At least since late 2024, the attackers have been linked to a new set of methods, chief among which concerns the abuse of stolen API keys and credentials associated with privilege access management (PAM), cloud app providers, and cloud data management companies to conduct supply chain compromises of downstream customers.

“Leveraging access obtained via the API key, the actor performed reconnaissance and data collection on targeted devices via an admin account,” Microsoft said, adding targets of this activity mainly encompassed the state and local government, as well as the IT sector.

Some of the other initial access routes adopted by Silk Typhoon entail the zero-day exploitation of a security flaw in Ivanti Pulse Connect VPN (CVE-2025-0282) and the use of password spray attacks using enterprise credentials surfaced from leaked passwords on public repositories hosted on GitHub and others.

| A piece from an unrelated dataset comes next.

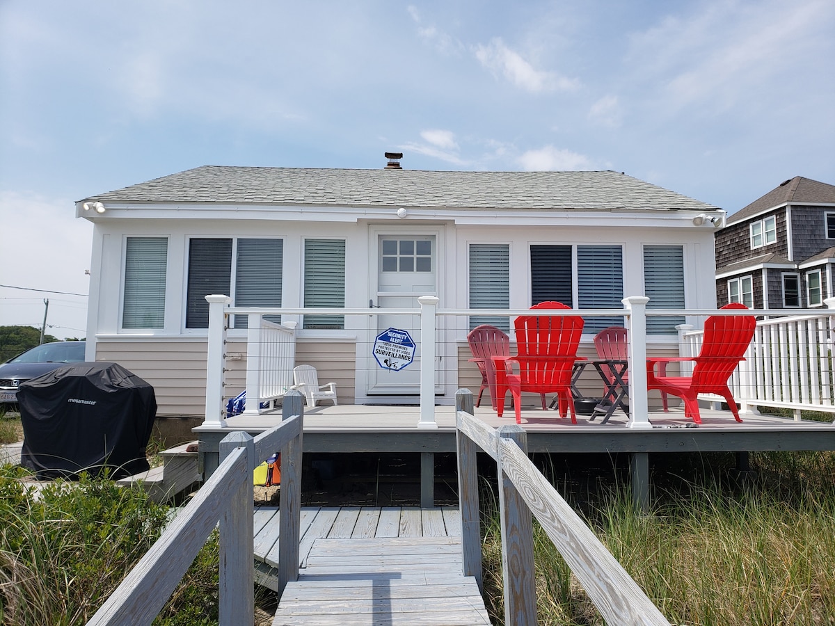 Experience an oceanfront getaway at the Shifting Sands, perched on unspoiled White Horse Beach. Enjoy stunning sunrises, sunsets, and night skies from this updated family cottage with a private beachfront deck & beach stairs, picnic table, & grill. Just steps from the beach for swimming, strolls, relaxing, or sea glass hunting. Nestled in the seaside community of Manomet, nearby Plymouth offers plenty to explore off the beach. Just drive up to the cottage, park, & the Atlantic Ocean greets you!

Also exploited by the threat actor as a zero-day are –

  • CVE-2024-3400, a command injection flaw in Palo Alto Networks firewalls
  • CVE-2023-3519, An unauthenticated remote code execution (RCE) vulnerability affecting Citrix NetScaler Application Delivery Controller (ADC) and NetScaler Gateway
  • CVE-2021-26855 (aka ProxyLogon), CVE-2021-26857, CVE-2021-26858, and CVE-2021-27065, a set of vulnerabilities impacting Microsoft Exchange Server
Cybersecurity

A successful initial access is followed by the threat actor taking steps to move laterally from on-premises environments to cloud environments, and leverage OAuth applications with administrative permissions to perform email, OneDrive, and SharePoint data exfiltration via the MSGraph API.

In an attempt to obfuscate the origin of their malicious activities, Silk Typhoon relies on a “CovertNetwork” comprising compromised Cyberoam appliances, Zyxel routers, and QNAP devices, a hallmark of several Chinese state-sponsored actors.

“During recent activities and historical exploitation of these appliances, Silk Typhoon utilized a variety of web shells to maintain persistence and to allow the actors to remotely access victim environments,” Microsoft said.